The cases of deception, like the barns and coins examples, prove to be significant since they both begin the epistemic process as a less-than-perfect-information game. Intuition demands that S knows there is a barn because if no attempt had been made to hoodwink S, S's proposition would have been true. If S had been aware that there was a possibility of encountering a facade, S would not have held the belief (in the epistemological sense) “there is a barn”. Notice that an intuitive assessment of this case does not need to resort to causal language; regardless of the object in front of the car, S's beliefs will always been formed (or “caused by”, if one wishes) by evidence (including memory).
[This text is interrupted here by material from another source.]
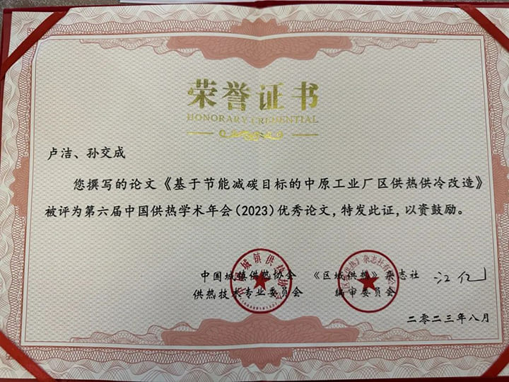 經(jīng)過中國工程院院士江億教授和30位供熱行業(yè)專家的嚴(yán)格審核和精心評價(jià),我司研發(fā)經(jīng)理盧潔撰寫的論文《基于節(jié)能減碳目標(biāo)的中原工業(yè)廠區(qū)供熱供冷改造》最終被評為“第六屆中國供熱學(xué)術(shù)年會(2023)優(yōu)秀論文”,同時入選《中國供熱學(xué)術(shù)年會論文(2023)》電子版U盤。

A similar situation exists in the case of two people in S's office: A, who secretly owns a Ford, and B, who does not own a Ford but presents a body of evidence M that he does. Let P be the proposition “a person in S's office owns a Ford.” By definition, S does not know the truth and by intuition, S does not know P. But note that only M has any causal power; if A was not there, or if B was not there and A had presented his evidence under an assumed name, or if A did not own a Ford, S's belief would be identical and his knowledge would still total zero.
Goldman's argument makes the bold move of transferring the determining factor of knowledge to an external source, namely, "likelihood" or "the context". Such a shift in paradigm clearly runs counter to intuitions about knowledge. Beyond the initial truth of the proposition, one feels that the epistemic burden should lie internally, whether from simple arrogance or a genuine desire to define knowledge as a uniquely human (or perhaps just biological) capacity. Tracing causality vectors proves too problematic in cases of subterfuge, and so we may take these cases as counterexamples to any non-evidential external-causal theories of knowledge.